┌─ Information provided

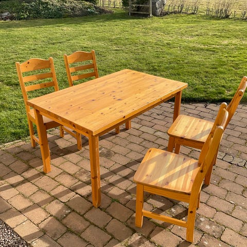 Detta lantliga matbord & stolar har finslipats & ytbehandlats med mörkare bets 🤍
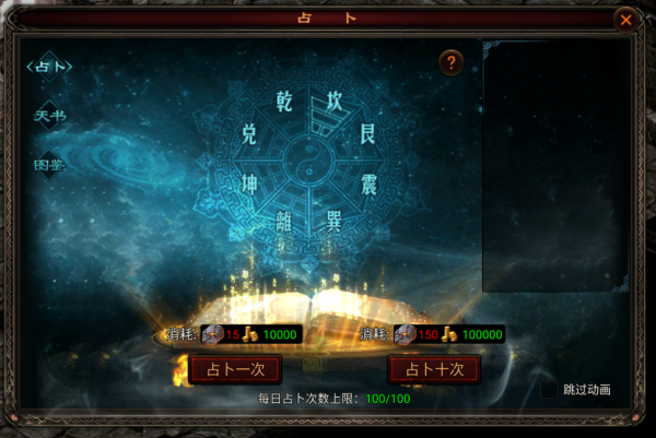 3.占卜出的天书残叶可合成天书文字(只可合成一级的)。
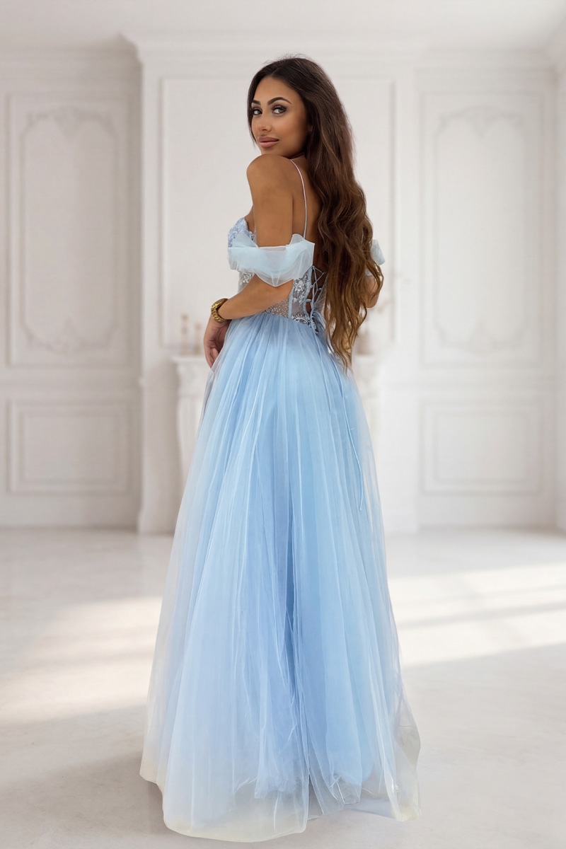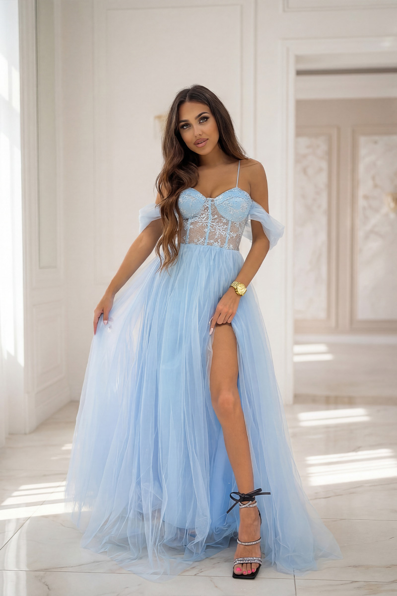 Luna helesinine kleit on romantiline ja pilkupüüdev valik erilisteks sündmusteks, kus soovid mõjuda naiselikult, elegantselt ja meeldejäävalt. Õhuline tüllseelik, korsettstiilis ülaosa ning õrn pitsiline viimistlus loovad luksusliku ja muinasjutulise üldmulje, mis püüab pilke igal sammul.
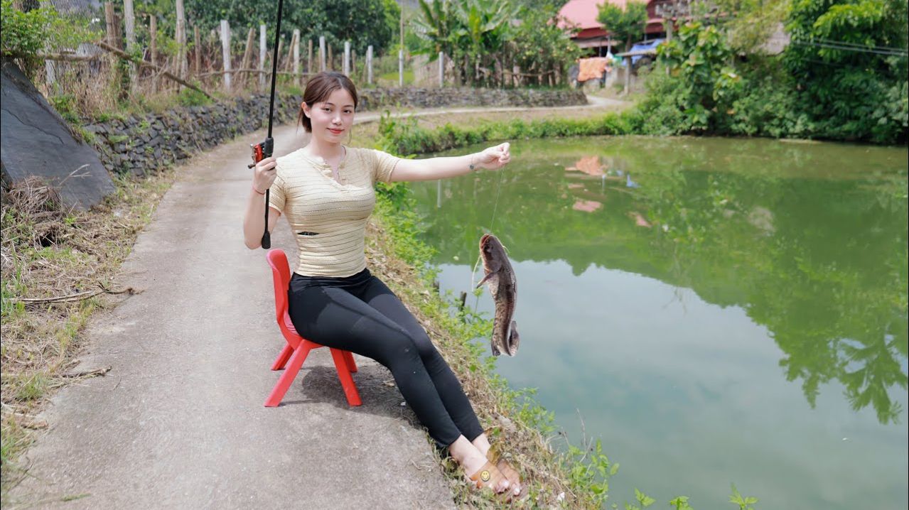 Всем хорошего настроения и позитивных эмоций. Красивая мать-одиночка готовит наживку для рыбалки, чтобы разнообразить меню для своих детей.
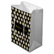 Stylish black, white and yellow love heart Easter Egg patterned Gift Bag set on black background, with popular font typography print "Happy Easter!". A touch of class and festivity as you exchange gifts with family and friends over the Easter Holidays.

└─

Exercise description
All records must be output exactly as they are, except for the pictures, which are left out.

Answer for this exercise
 Detta lantliga matbord & stolar har finslipats & ytbehandlats med mörkare bets 🤍
 3.占卜出的天书残叶可合成天书文字(只可合成一级的)。
 Luna helesinine kleit on romantiline ja pilkupüüdev valik erilisteks sündmusteks, kus soovid mõjuda naiselikult, elegantselt ja meeldejäävalt. Õhuline tüllseelik, korsettstiilis ülaosa ning õrn pitsiline viimistlus loovad luksusliku ja muinasjutulise üldmulje, mis püüab pilke igal sammul.
 Всем хорошего настроения и позитивных эмоций. Красивая мать-одиночка готовит наживку для рыбалки, чтобы разнообразить меню для своих детей.
 Stylish black, white and yellow love heart Easter Egg patterned Gift Bag set on black background, with popular font typography print "Happy Easter!". A touch of class and festivity as you exchange gifts with family and friends over the Easter Holidays.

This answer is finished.